# Breeders and housebreaking



## CharismaticMillie (Jun 16, 2010)

This is a question for breeders:

What kind of housetraining do you start with your puppies before they go home? Do you begin crate training and teach the pups to potty outside? Do you paper train? Potty pads?

Owners: Do you know what method your breeder used with the pups? Do you think the type of housetraining started with the breeder has an impact on the ease of housebreaking once the pup comes home?


----------



## Fluffyspoos (Aug 11, 2009)

When I got him, Vegas already prefered to go outside, I had him bell trained in a week (ringing bells at the door) and pretty much house trained by the end of our first month.

Karen had puppy pads in her fenced off area in her living room and kitchen where she kept the puppies, the room where the puppies were kept had french doors that she took the puppies out with. When the puppies went outside she would praise them (its on video on her youtube.)

She also provided puppy pads with his puppy package, though we never needed to use them since he was tethered and I took him out often.

I absolutely think that Karen eases the housetraining the puppies recieve at their homes, and I have a lot of respect for how much she had to do for Vegas's litter (and Hi-D's litter born two weeks before Vegas's.)

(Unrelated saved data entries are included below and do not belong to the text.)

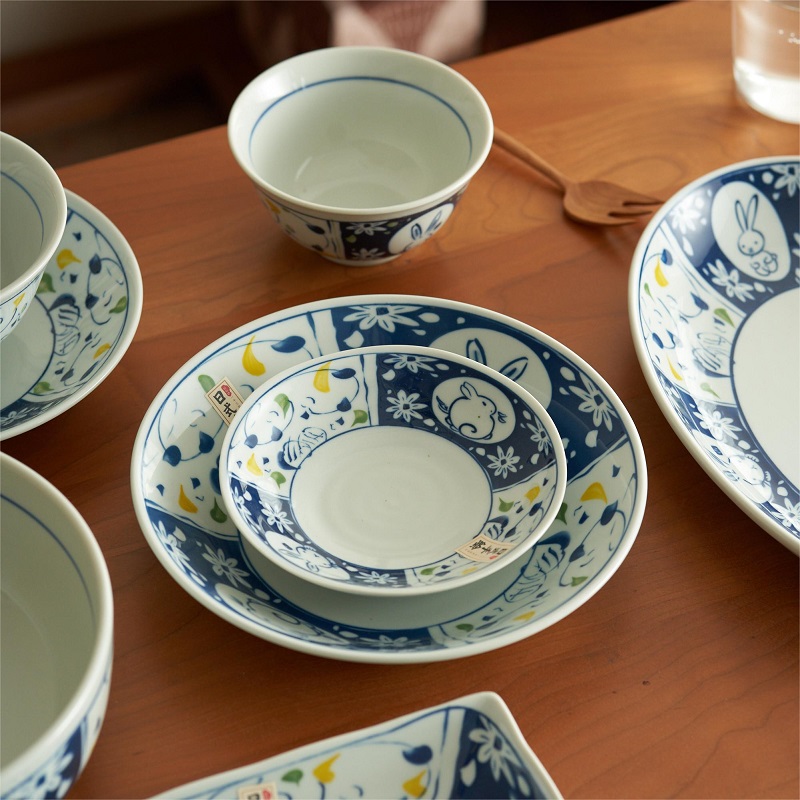 肆月日式复古陶瓷斗笠大碗釉下彩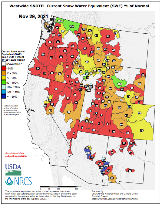 November precipitation was well above average in most of the PNW, especially Washington State, but the rest of the western US had a relatively dry month.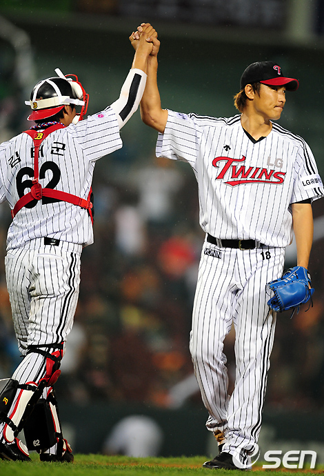 LG가 18일 오후 서울 잠실구장에서 열린 2010 CJ 마구마구 프로야구 롯데 자이언츠와의 경기에서 선발 봉중근의 호투와 홈런 2방 포함 장단 14안타를 몰아쳐 7-4로 승리했다.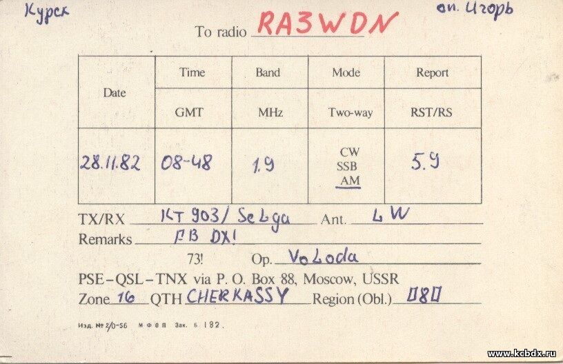 Карточка изготовлена в типографии. Резиновым штампиком нанесен личный коротковолновый позывной. Такую QSL карточку заполняли от руки и отправляли через QSL бюро радио технической школы ДОСААФ.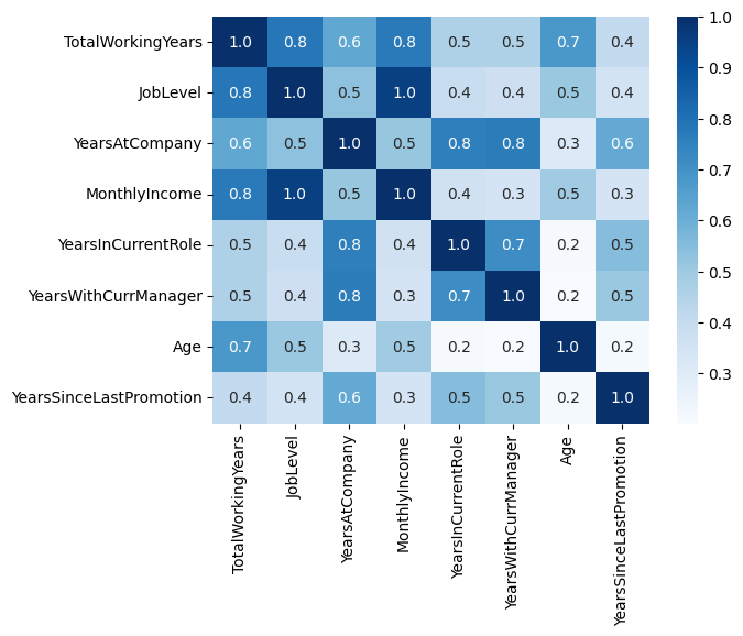sns.heatmap(cor_df2, annot=True, fmt='.1f', cmap='Blues')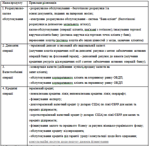 У таблиці 4 подано перелік основних базових продуктів комерційних банків.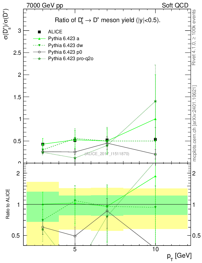 Soft QCD (inelastic) : Identified Particles : Ratios : Ds+/D+ vs pT
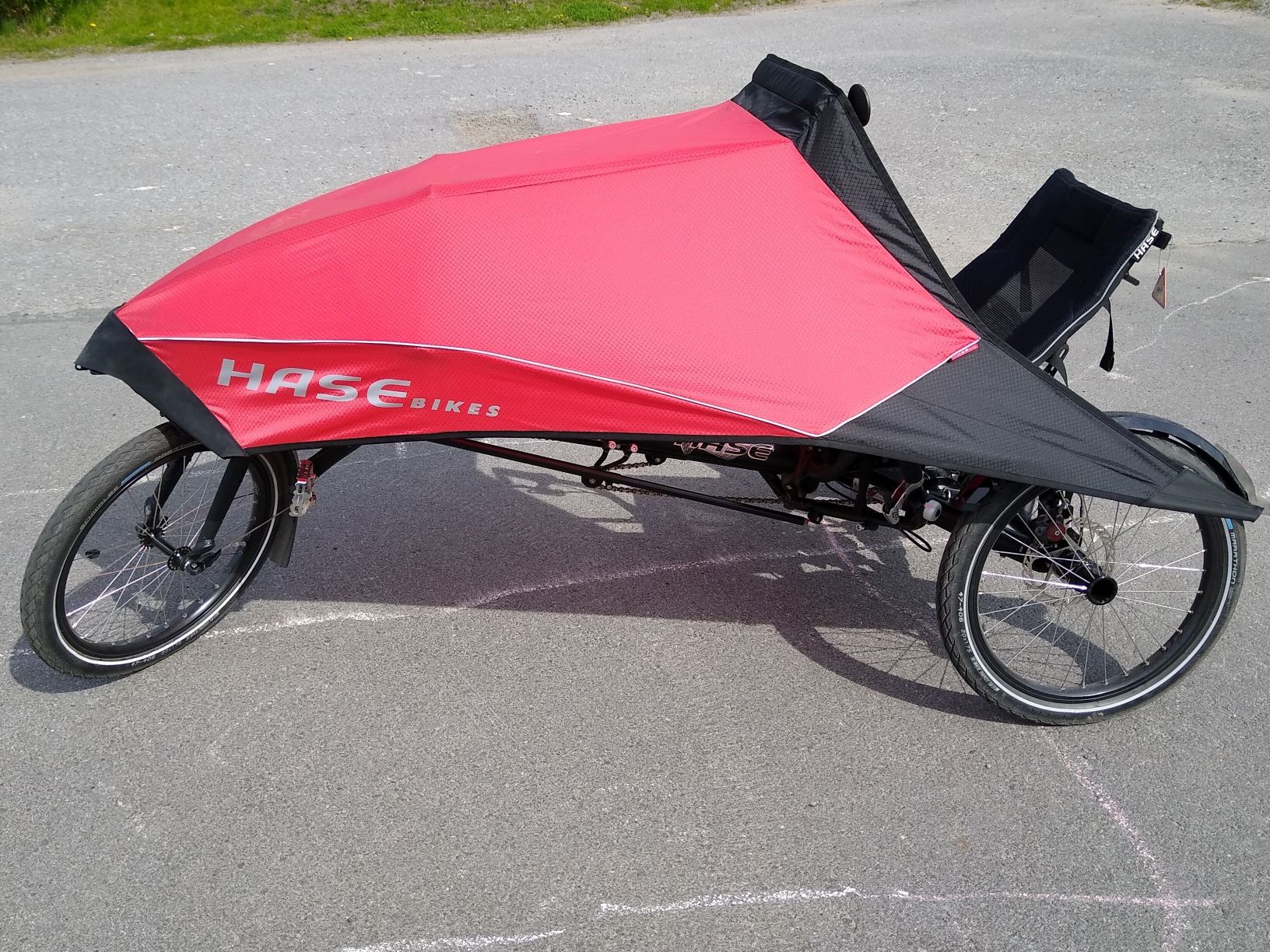 Trikessä on tasauspyörästö ja 8-vaihteinen Shimanon napavaihde. Mukana tulee myös Hasen oma etukate. Pyörä on Kokkolassa,

Oh, also, Vegas was born Dec 1st, 2009, so all his house training was done in the winter of northern utah.. that means A LOT of snow! I don't think he had seen snow before (southern utah is warm and deserty) but house training in the winter wasn't a problem at all.


----------



## Mumzilla (Aug 4, 2010)

I asked the 'breeder' if Zero was housebroken (she was 3 months old). She told me no, but it should be easy. And yes, I ignored this and many other red flags to bring my puppy love home. Well, I figured out pretty quickly that not only was she not housetrained - she had never even been on grass before! It was not an easy process, but we got there. I would most cetainly prefer a housebroken or at least started puppy and will make sure it is an option with my next spoo.


----------



## Beach girl (Aug 5, 2010)

Pippin, my rescue dog, came to me completely housebroken and other than once while he was on the Angel Eyes supplement, has never had one mistake in the house. Not one. He was older, but still, with a rescue you never know what you're going to get.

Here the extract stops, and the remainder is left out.